Но и это всё ещё не было подлинным провалом жизни. Провал жизни узнавали только
те спецпереселенцы, кого посылали в колхозы. Спорят некоторые теперь (и не вздорно):
вообще колхоз легче ли лагеря? Ответим: а если колхоз и лагерь — да соединить вместе? Вот
это и было положение спецпереселенца в колхозе. От колхоза то, что пайки нет, — только в
посевную дают семисотку хлеба, и то из зерна полусгнившего, с песком, земляного цвета
(должно быть, в амбарах полы подметали). От лагеря то, что сажают в КПЗ: пожалуется
бригадир на своего ссыльного бригадника в правление, а правление звонит в комендатуру, а
комендатура сажает. А уж от кого заработки — концов не сведёшь: за первый год работы в
колхозе получила Мария Сумберг на трудодень по двадцать граммов зерна (птичка Божья
при дороге напрыгает больше) и по 15 сталинских копеек (хрущёвских— полторы). За
заработок целого года она купила себе… алюминиевый таз.

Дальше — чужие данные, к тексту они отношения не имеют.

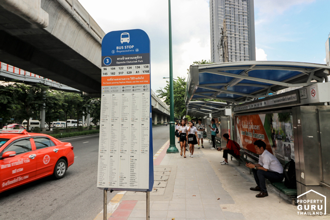 ข้างล่างเป็นป้ายรถเมล์ ซึ่งป้ายนี้รถเมล์ผ่านเยอะมากๆ

Так на что ж они жили?! А— на посылки из Прибалтики. Ведь народ их сослали — не
весь.
А кто ж калмыкам посылки присылал? Крымским татарам?..
Пройдите по могилам, спросите.
Всё тем же ли решением родного прибалтийского Совета Министров или уж сибирской
принципиальностью применялось к прибалтийским спецпереселенцам до 1953 года, пока
Отца не стало, спецуказание: никаких работ, кроме тяжелых! только кайло, лопата и пила!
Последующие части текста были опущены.